On Tue, May 13, 2014 at 3:39 PM, Kevin Gorman <kgor...@gmail.com> wrote:

> David: I haven't seen anyone assert that the image in question isn't a
> violation of the principle of least astonishment.  I've seen several people
> suggest the image was acceptable for other reasons.  If you can articulate
> a reasonable (i.e., not full of snark and one that indicates you've read at
> least most of the ongoing discussion) argument that putting the image in
> question on Commons frontpage (and the frontpage of numerous other projects
> in the process,) is not a violation of the principle of least astonishment,
> I'd love to hear it.  Especially if you craft your argument to recognize
> the fact that the image was both displayed on projects that didn't speak
> any of the languages it was captioned in, and given that most Wikimedia
> viewers can't actually play our video formats.  I guess you could argue
> that the resolution only says that the board "supports" the POLA rather
> than requires it, but that's a rather weak argument for putting a grainy
> black and white stack of dead corpses linking to a video many can't play
> that's only captioned in a handful of langauges on the frontpage of a
> project that serves projects in 287 different languages.

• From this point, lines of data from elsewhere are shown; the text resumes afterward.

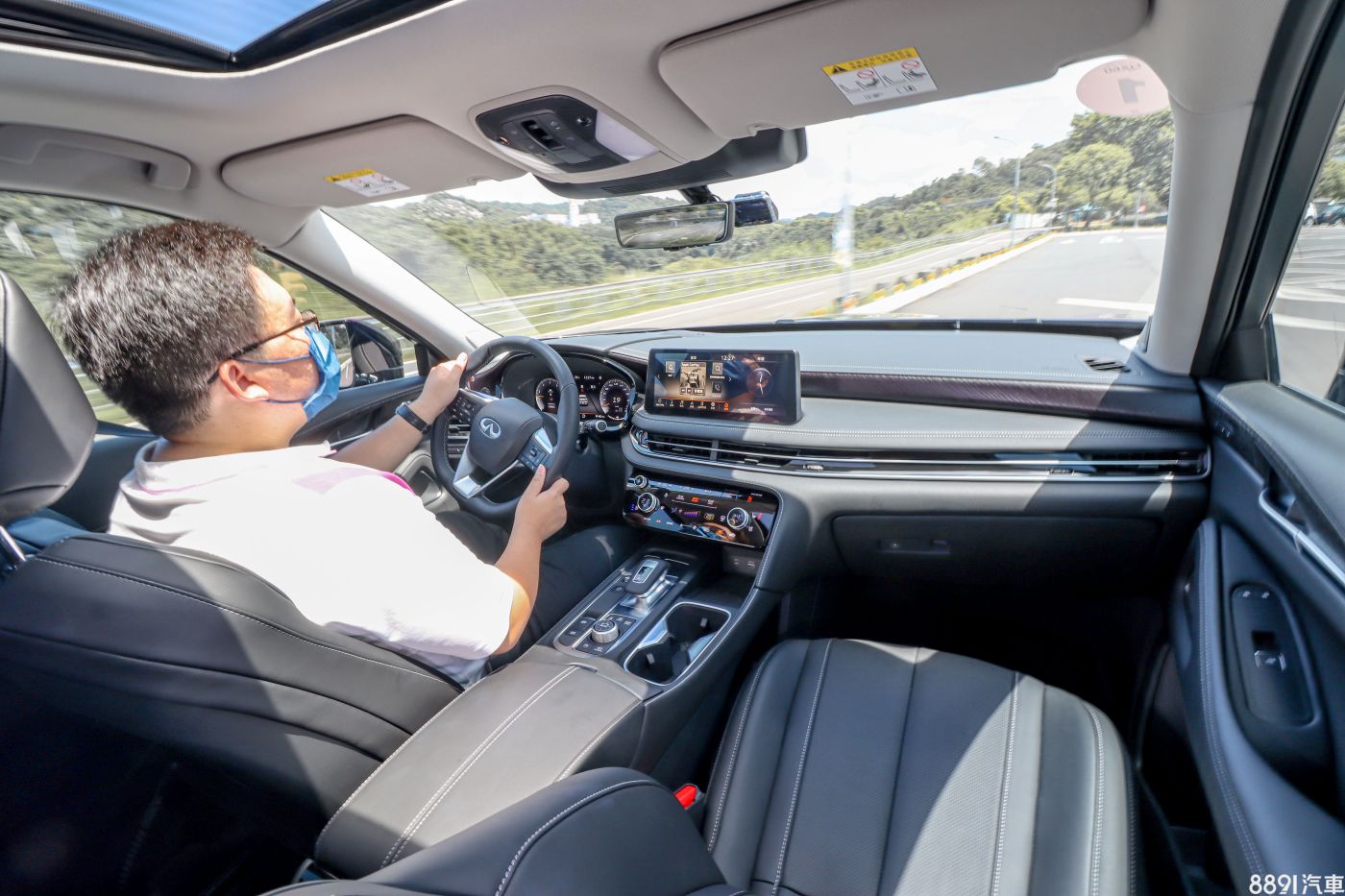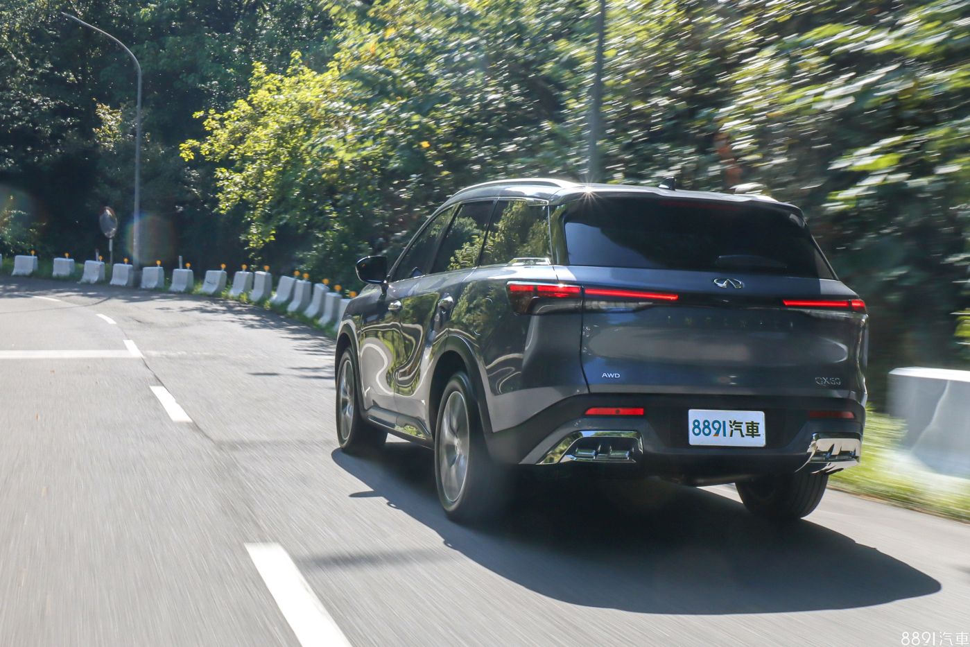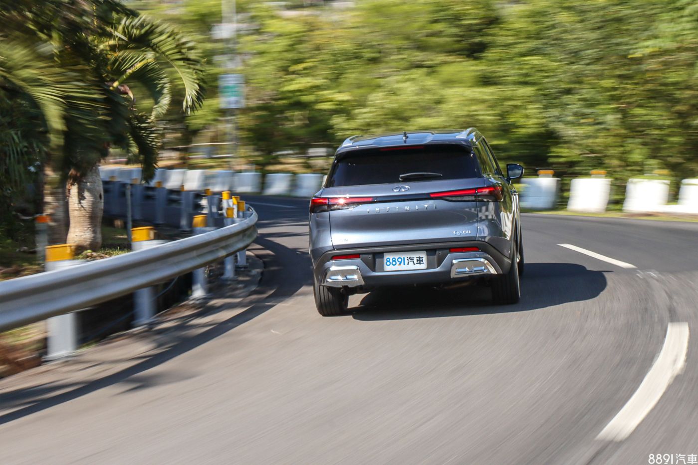 雖說採大排量設定,帳面數據也不差,但實際開起來,QX60尤其在低轉速域表現溫和柔順,起步時即便大腳油門一敗,僅感到QX60默默推進並慢慢提速,調性平穩沒什麼驚豔感。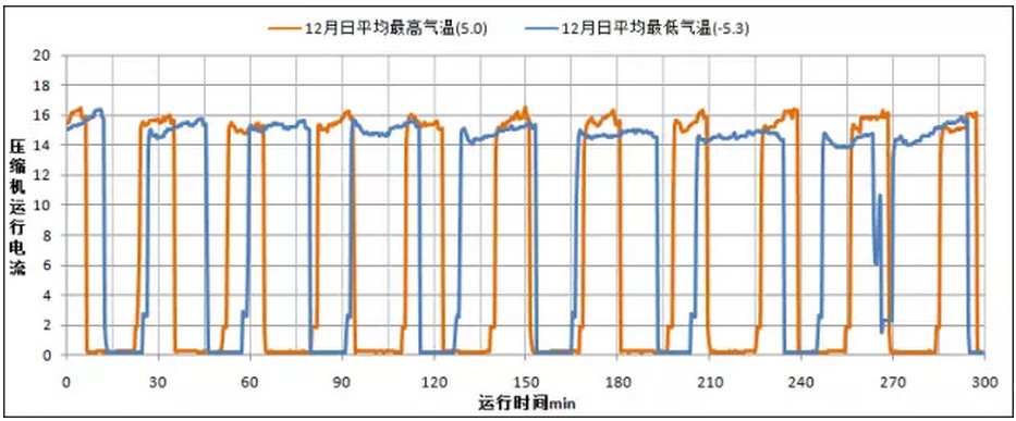 同時(shí)從Fig.9看出氣溫低的階段,機(jī)組的開機(jī)時(shí)間(制熱時(shí)間)增加66.7%,停機(jī)間隔減小,【熱泵市場 水印】總的開停機(jī)循環(huán)時(shí)間基本相同,反映低環(huán)境溫度下機(jī)組制熱時(shí)間,耗費(fèi)電量將會大幅增加。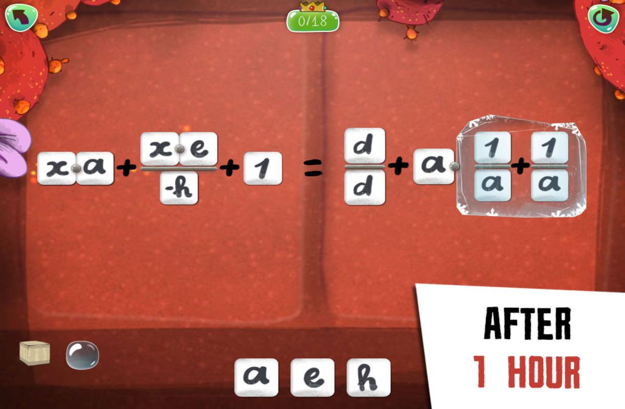 Children have the chance to learn how to solve equations in a playful game environment where they are encouraged to be creative. By manipulating cards and trying to isolate the DragonBox on one side of the game board, the child learns the operations required to isolate X on one side of an equation. Little by little, the cards are replaced with numbers and variables, revealing the math behind the game.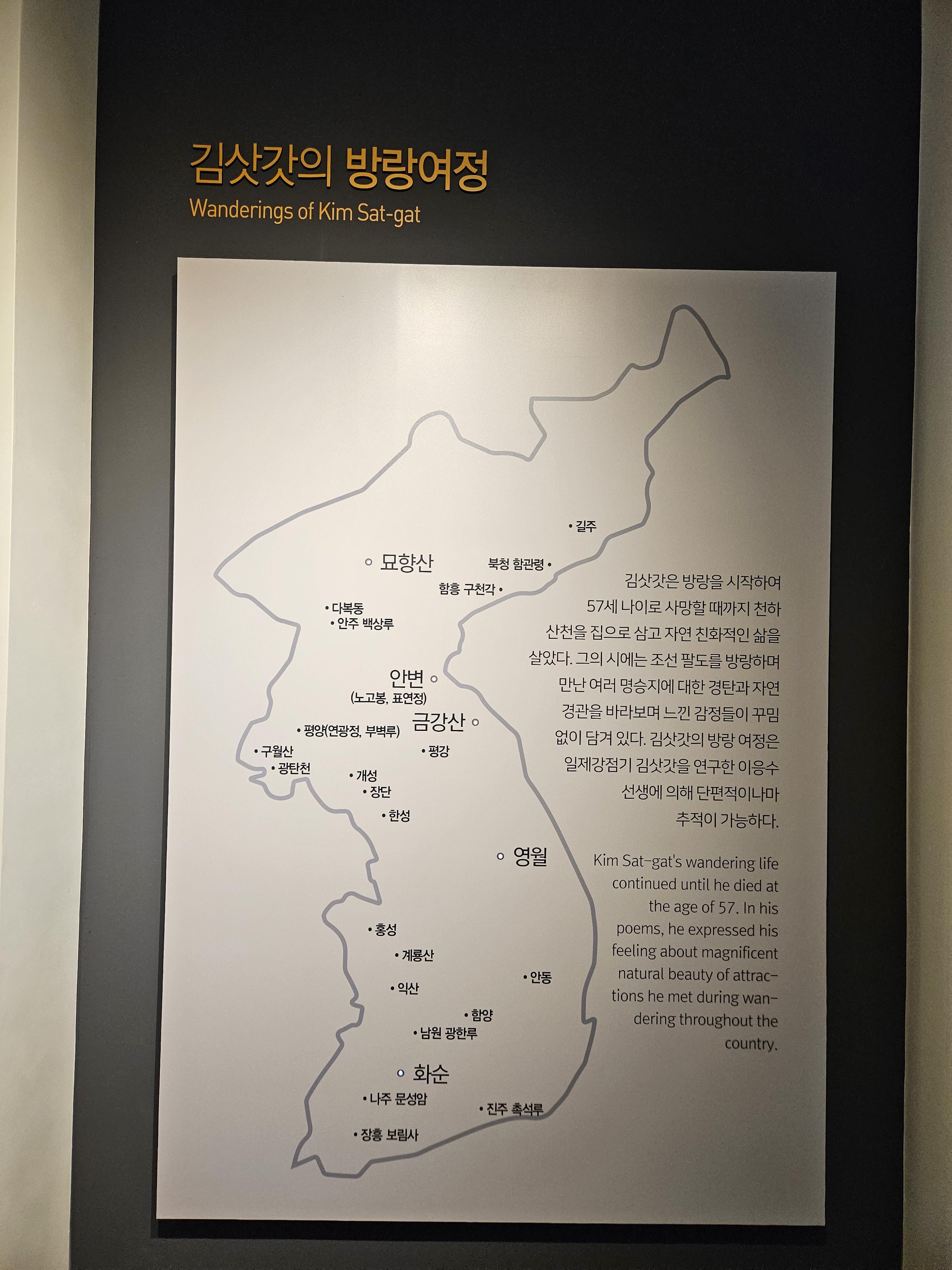 서책 전시와 애니메이션 영상, 감삿갓 시 창작 국악 듣기, 시 문구 써보기 등의 체험공간이기도 합니다.

I think David was reacting to your bold assertion that the next time you
determine Commons has violated a Board resolution, drastic action would be
taken. This suggests some certainty on your part that the Board and
stewards agree with your judgment. I haven't seen evidence of that. You can
certainly advocate that action be taken, but dire warnings of certain
consequences seem a bit beyond your authority to issue.